FastAPI β†’ OpenTelemetry

Use OpenTelemetry for all FastAPI services:

from opentelemetry import trace
from opentelemetry.instrumentation.fastapi import FastAPIInstrumentor

FastAPIInstrumentor.instrument_app(app)
tracer = trace.get_tracer(__name__)

with tracer.start_as_current_span("operation-name") as span:
    span.set_attribute("key", value)
  • Instrument at app startup via FastAPIInstrumentor.
  • Use spans for discrete operations (DB queries, external calls, enrichment steps).
  • Export to OTLP collector; fall back to console exporter in development.

React β†’ OpenTelemetry

Use OpenTelemetry for frontend observability:

import { trace } from '@opentelemetry/api';

const tracer = trace.getTracer('open-navigator-frontend');
const span = tracer.startSpan('fetch-jurisdictions');
// ... operation ...
span.end();
  • Initialize the Web SDK once in src/instrumentation.ts, imported at the app entry point.
  • Use @opentelemetry/sdk-trace-web + @opentelemetry/exporter-trace-otlp-http.
  • Instrument route changes and key user interactions (search, filter, data load).

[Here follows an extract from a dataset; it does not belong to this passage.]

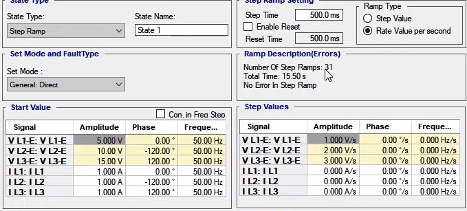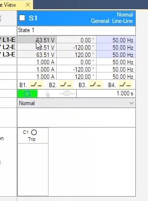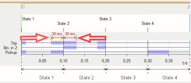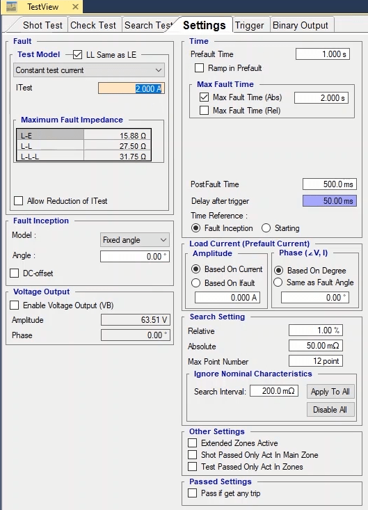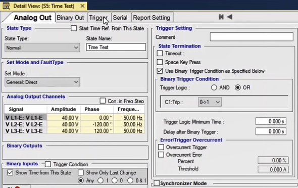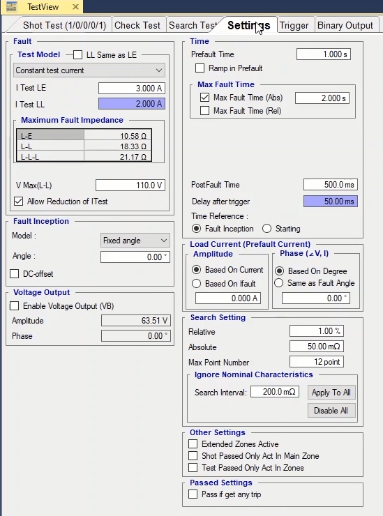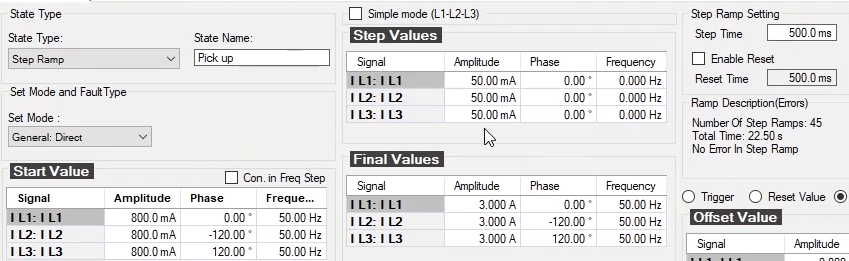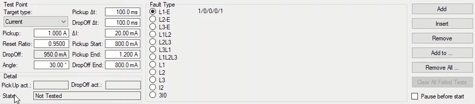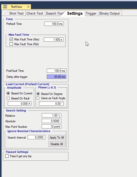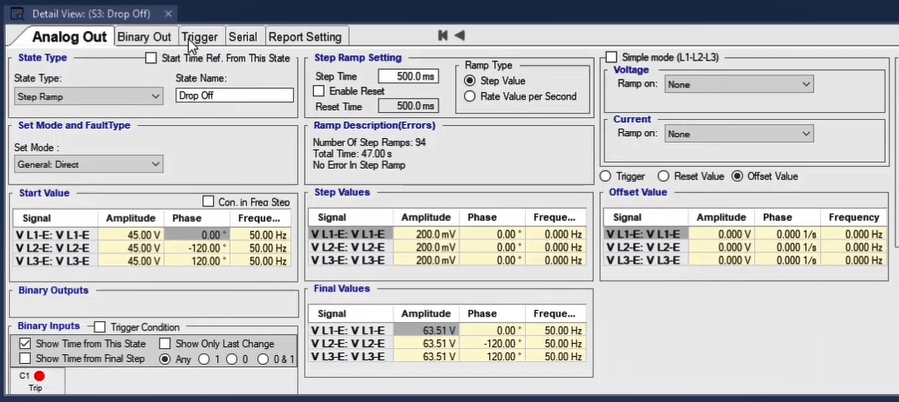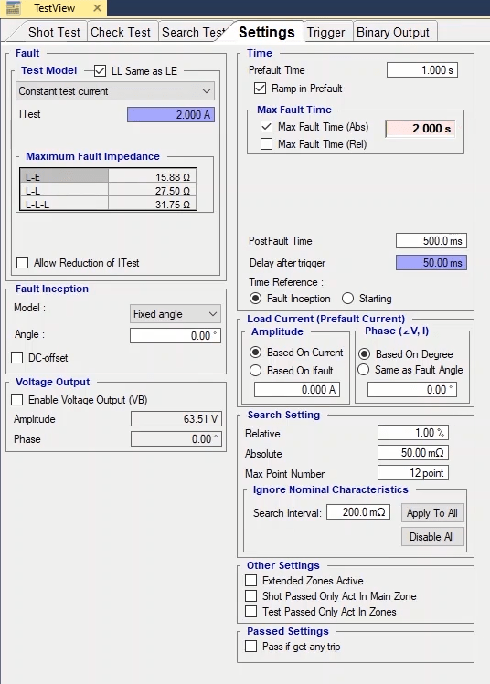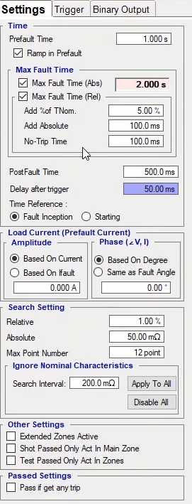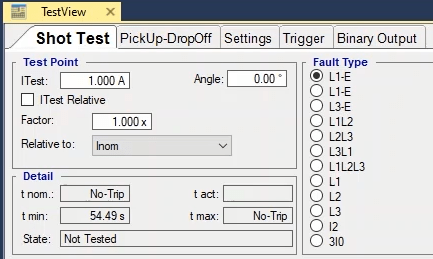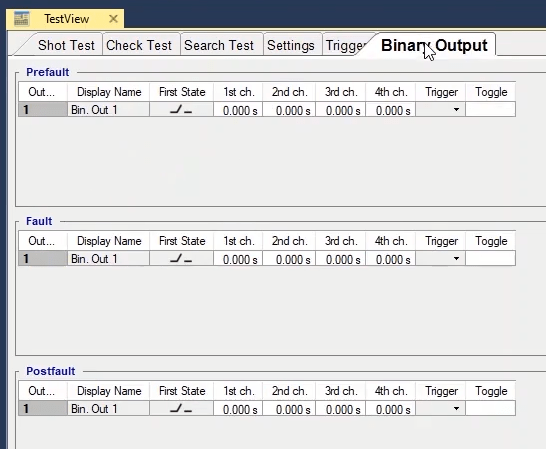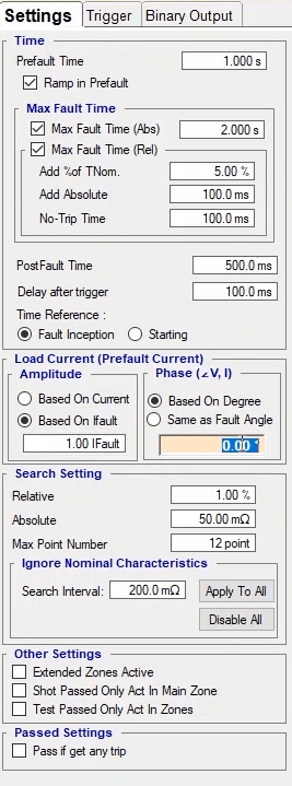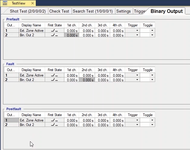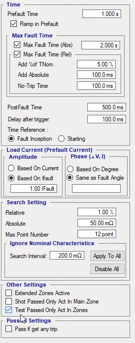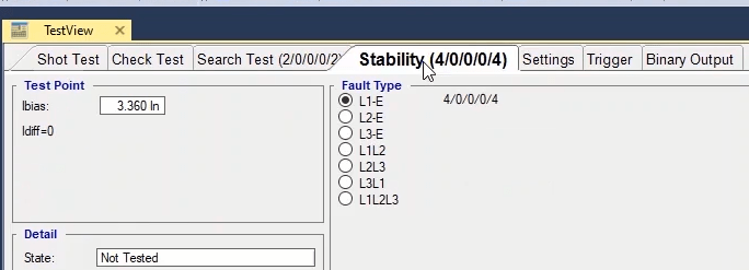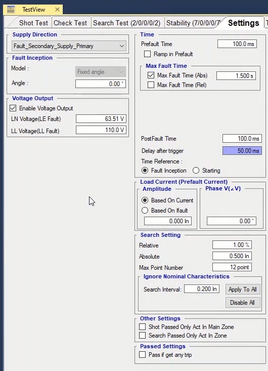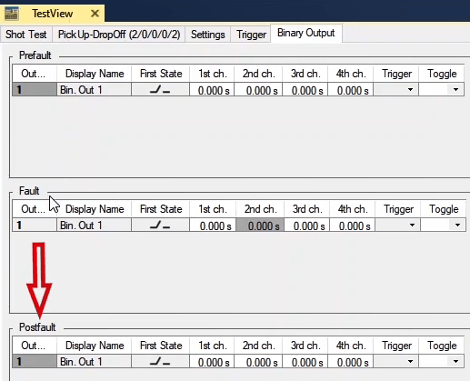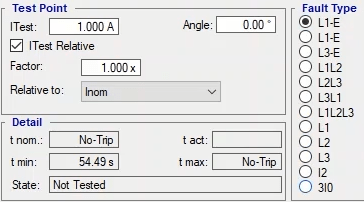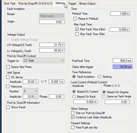 To perform this test three states ones including PreFault, Fault and PostFault are required. PreFault time is suitable for 500 milliseconds, fault time should be greater than the maximum trip time, and Post Fault time is at least 500 milliseconds. PostFault time should be increased if the drop-off is not instantaneous.

Calendar Years β€” Storage vs Serialization

The rule splits by layer; do not conflate them:

  • SQL storage (columns): a bare calendar year is an integer (smallint is fine) β€” never text/varchar/double precision/numeric. Integer keeps range filters (WHERE year >= 2020) and numeric sort correct. Bronze may keep the source-native type for raw fidelity, but cast to integer by the staging layer so intermediate/marts/public are uniform.
  • Real dates: when you have a full date, use a date/timestamp column β€” not a year column.
  • JSON / API / manifests (the wire): serialize a bare year as a string (e.g. "year": "2026"), not a number β€” JSON numbers get locale-formatted (e.g. 2,024) by UI clients. Convert at the JSON boundary: str(y) in Python, ::text in SQL/jsonb_build_object. A real DATE/TIMESTAMP already serializes as an ISO string, so this exception does not apply to it.
  • calendar_year_label() (scripts/utils/calendar_year_util.py) is the canonical Python helper for the wire/string form β€” it normalizes any value to a clean 4-digit string or None. Use it at serialization / serving-table boundaries, not to define an integer storage column. Bronze raw loaders that land source-native VARCHAR(4) years via this helper are fine (raw fidelity); staging still casts to integer.
  • Internal paths may still use numeric years for folders; convert with str(y) at the JSON boundary.
  • Migration: python scripts/discovery/fix_scraped_meetings_manifest_years.py (see --dry-run).